◆ TASK PROMPT ◆
No pictures belong in the copy. Restate the rest of the data exactly.

◆ DATA SECTION ◆

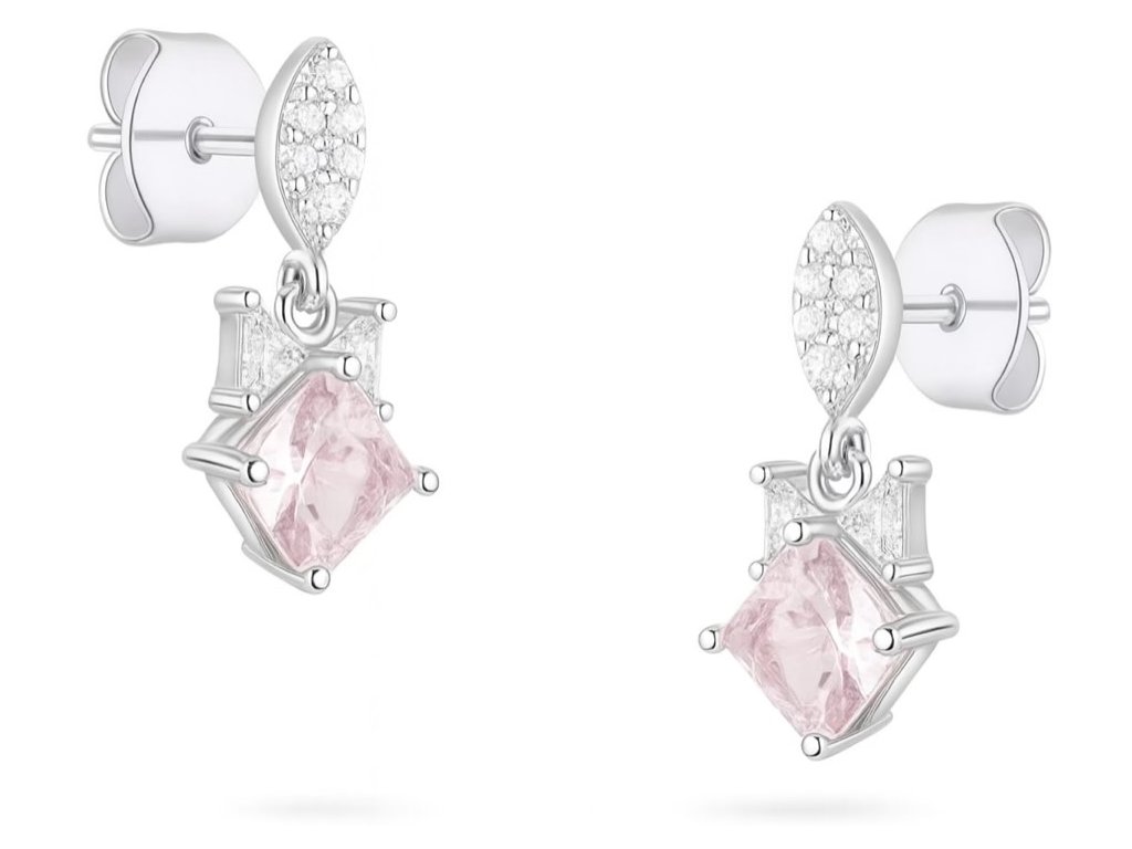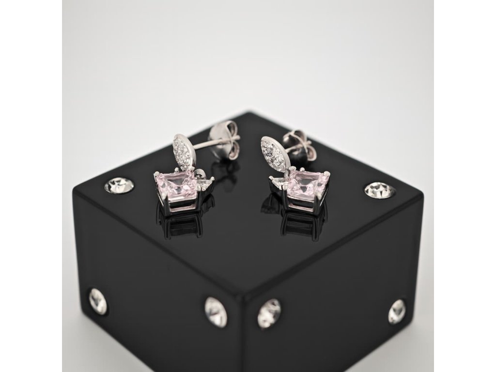 Elegantné strieborné náušnice Starlit Dew s ružovým štvorcovým kameňom a drobnými čírymi zirkónmi, ktoré sa ligocú ako ranná rosa a hviezdy na oblohe.
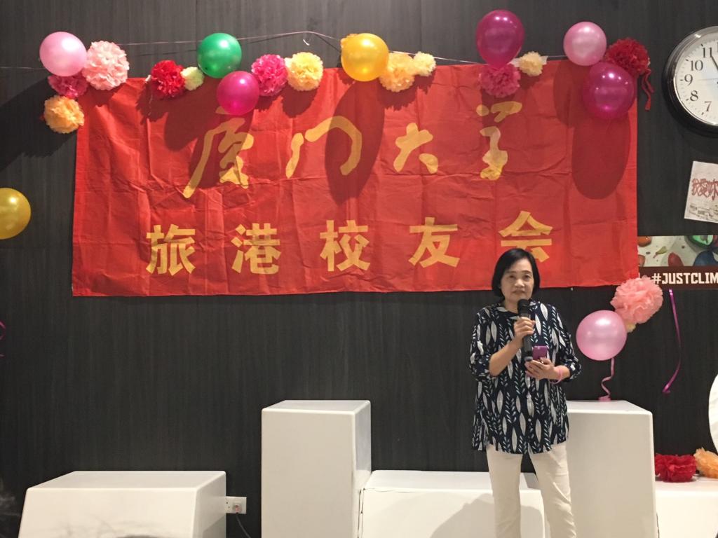 来港30年的徐兰芳名誉理事长代表老学长讲话。她说,30年来,和广大旅港校友一样,始终心念母校,情系厦大。看到年轻校友格外亲切和开心,对年轻人始终有一份特殊的感情。看到新来港的厦大年轻校友,总会勾起对校园生活、青春岁月的回忆,更忘却了自己即将迈向古稀之年。她希望新校友来港后,铭记“自强不息、止于至善”的校训,在香港这繁华的城市里,不忘初心,明确自己来港学习的目标和方向,闹中取静,努力完成学业,为将来新的前进目标打下坚实的基础。她热忱叮嘱新来港校友在港期间,如果遇到困难和问题,欢迎找校友会,学长们愿意互相陪伴和分忧解难;有什么好事和喜事,也可以知会校友会,大家可以一起分享喜悦,因为校友会是校友们共同的家。
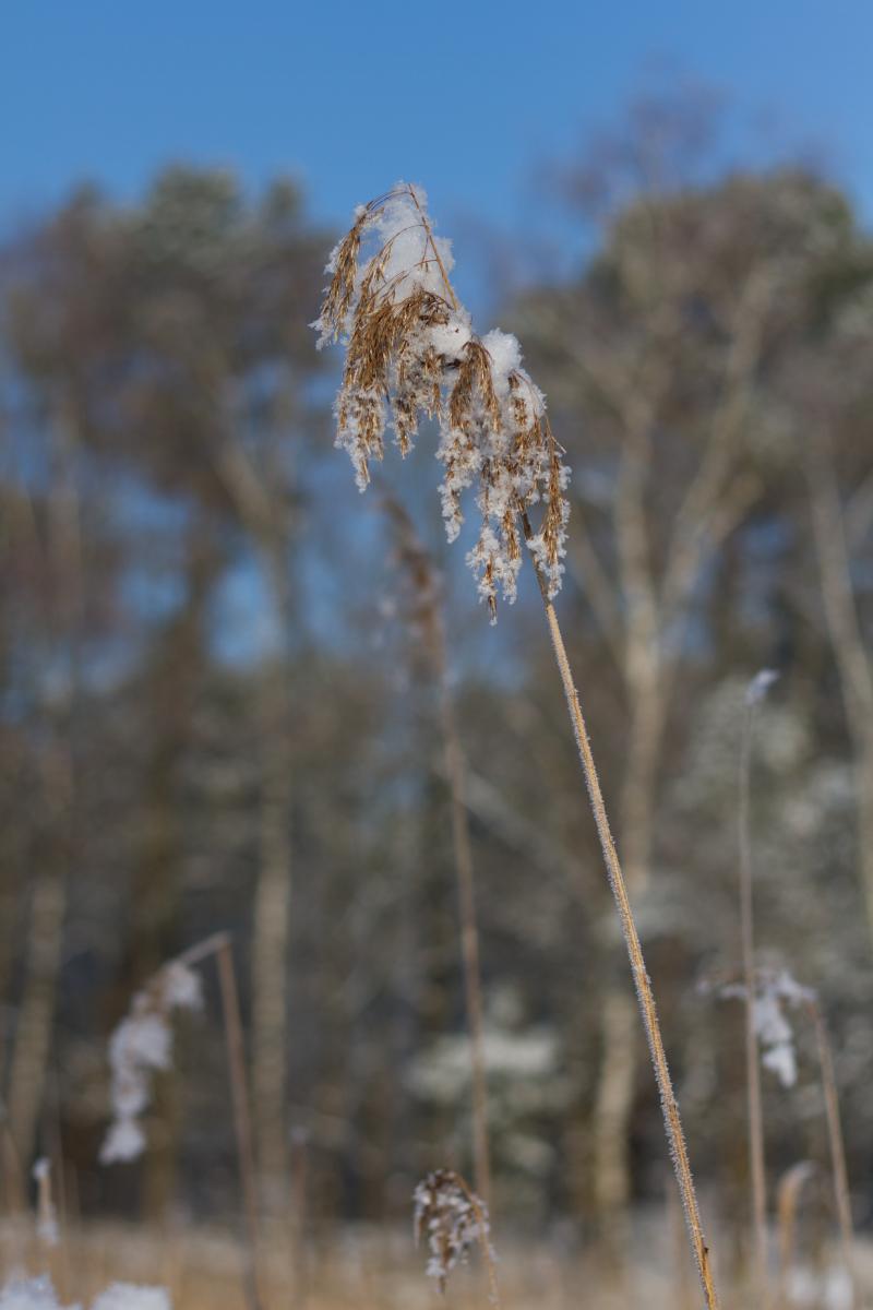 Deze met sneeuw bedekte rietstengel stak boven de andere rietstengels uit bij een vennetje in de buurt van Eindhoven.
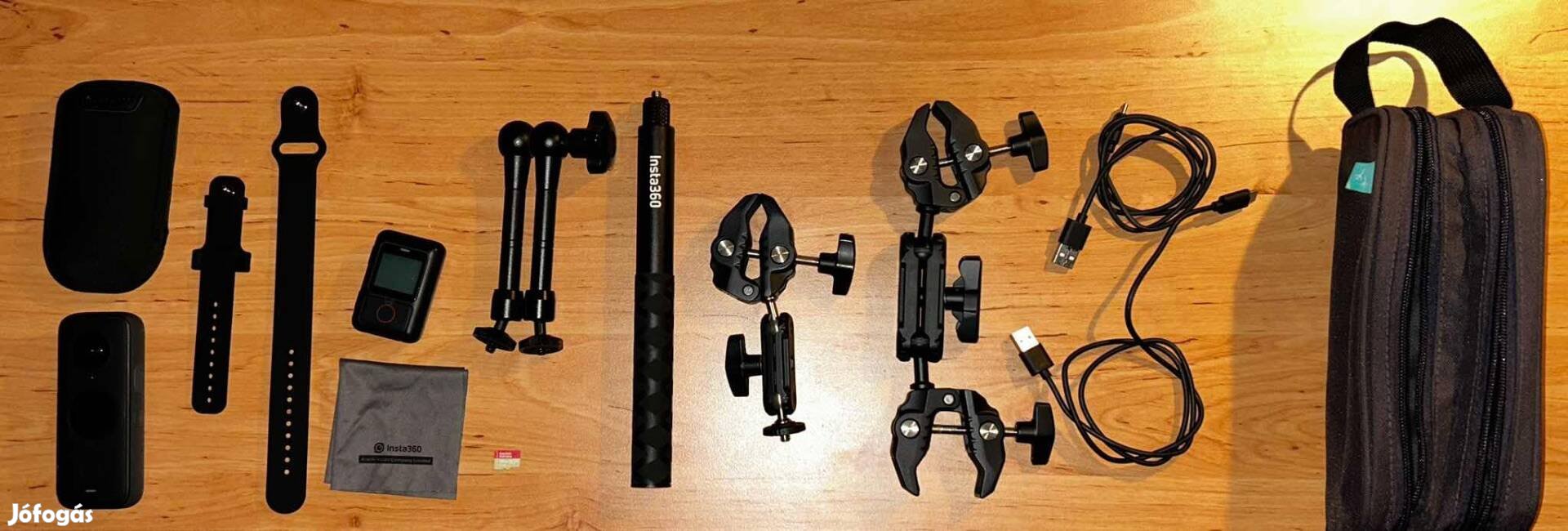 Eladó Insta360 x2 kamera újszerű állapotban távirányítóval és a képen látható sok tartozékkal egyben (bot, tartókonzolok, távirányító, eredeti kábelek, SD kártya).

◆ COMPLETED TASK ◆
 Elegantné strieborné náušnice Starlit Dew s ružovým štvorcovým kameňom a drobnými čírymi zirkónmi, ktoré sa ligocú ako ranná rosa a hviezdy na oblohe.
 来港30年的徐兰芳名誉理事长代表老学长讲话。她说,30年来,和广大旅港校友一样,始终心念母校,情系厦大。看到年轻校友格外亲切和开心,对年轻人始终有一份特殊的感情。看到新来港的厦大年轻校友,总会勾起对校园生活、青春岁月的回忆,更忘却了自己即将迈向古稀之年。她希望新校友来港后,铭记“自强不息、止于至善”的校训,在香港这繁华的城市里,不忘初心,明确自己来港学习的目标和方向,闹中取静,努力完成学业,为将来新的前进目标打下坚实的基础。她热忱叮嘱新来港校友在港期间,如果遇到困难和问题,欢迎找校友会,学长们愿意互相陪伴和分忧解难;有什么好事和喜事,也可以知会校友会,大家可以一起分享喜悦,因为校友会是校友们共同的家。
 Deze met sneeuw bedekte rietstengel stak boven de andere rietstengels uit bij een vennetje in de buurt van Eindhoven.
 Eladó Insta360 x2 kamera újszerű állapotban távirányítóval és a képen látható sok tartozékkal egyben (bot, tartókonzolok, távirányító, eredeti kábelek, SD kártya).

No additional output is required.